For a man who has time and again claimed to be a rationalist, Karnataka Chief Minister Siddaramaiah sure is haunted - by crows that is. In the past, it was a baby crow perched on his car that made the news and this time it is a crow defecating on the CM's clothes in Kerala that has generated a buzz. Although the crow saga was often revisited each time the chief minister went through hard times, Siddaramaiah remained bound to his stipulated belief. However, the record shows that his is not a consistent relationship with rationalism; rather a dance with political neccesities whence he finds himself.

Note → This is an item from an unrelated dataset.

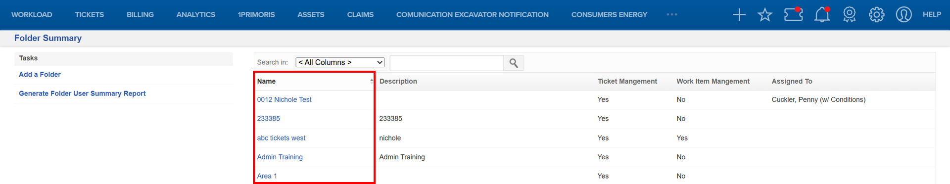 On the Folder Summary screen, select the folder name in the Name column (or use search/sort to find it).

It may be recalled that while most politicians take their oath in the name of God, Siddaramaiah chose to swear on the 'truth', a move that was much hailed by rationalists. Within months of him assuming office, he defied the long-standing superstition attached to Chamarajanagar and broke the 'jinx' by visiting the place not once but six times. He ridiculed the notion that a visit to the town augurs bad luck to incumbents who end up losing their office.
Siddaramaiah even passed a resolution in the state assembly during the Raahu Kaala, traditionally believed entaitling inauspiciousness. He was one of the few politicians who publicly stated that he would rather seek blessings from authors, freedom fighters and intellectuals than from seers and purported godmen.
Although the long pending anti-superstition act never saw the day of light, it was hailed by rationalists across the state. On his social networking pages, Siddaramaiah even lamented about how he was unable to go ahead with the act due to vested interests. He stopped short of naming the lobby that had stymied the bill.
The Opposition taunted Siddaramaiah in 2014 for was asking Girish Karnad to inaugurate the Dusshera festivities. A non-believer, Girish Karnad, being chosen to inaugurate the event didn't go down well with the Bharatiya Janata Party.
A facade of unbelief
Days after his son's death, Chief Minister Siddaramaiah was seen carrying lemons with him. The lemon wielding raised questions on whether Siddaramaiah was still committed to rationalism. The CM had then said that friends from the Muslim community had handed him the lemons to help him be at peace after his son's death. The moment the lemons caught the media gaze, the CM got rid of them.
Even before the 2013 Karnataka assembly polls, a lot of religious ceremonies being held at Siddaramaiah's residence were reported. While his supporters brushed them aside as family affair, rumours of those homas and poojas aimed at ensuring chief ministership to Siddaramaiah ran thick and fast.
For a chief minister who put rationalists and writers on a higher pedestal than seers, very little was done by the Siddaramaiah government to bring justice to the family of slain rationalist Dr M M Kalburgi. Two years since his murder, his assailants have not been brought to justice. Many claimed that the attack on Kalburgi was an attack on rational, reformist and free thinking in the state. Yet, nothing concrete was done to speed up the probe. While the state government said that the case would be handed over to the CBI, nothing to that effect happened and the case continues to be with the Karnataka CID.
The chief minister was hounded for replacing his official car after reports of a crow sitting on it emerged. While the media criticised the move as superstitious, the chief minister maintained that the replacement was long overdue and that the crow had nothing to do with the changing of the car. He also added that his old car had run well over three lakh kilometres thanks to his constant travelling and had been used for three long years. While some were convinced of his justification, many chose to believe that superstition had a role to play in it.
Every dissidence in the Congress government, every rebellion was time and again linked to the crow-on-car incident. News channels in Karnataka hosted special shows with astrologers attempting to infer what crow sitting on the CM's car meant. A rebellion over cabinet inclusion started to brew in the Congress and this was attributed to Siddaramaiah 'bad time' after the crow incident. While the CM laughed off the reports, the references to superstition never stopped.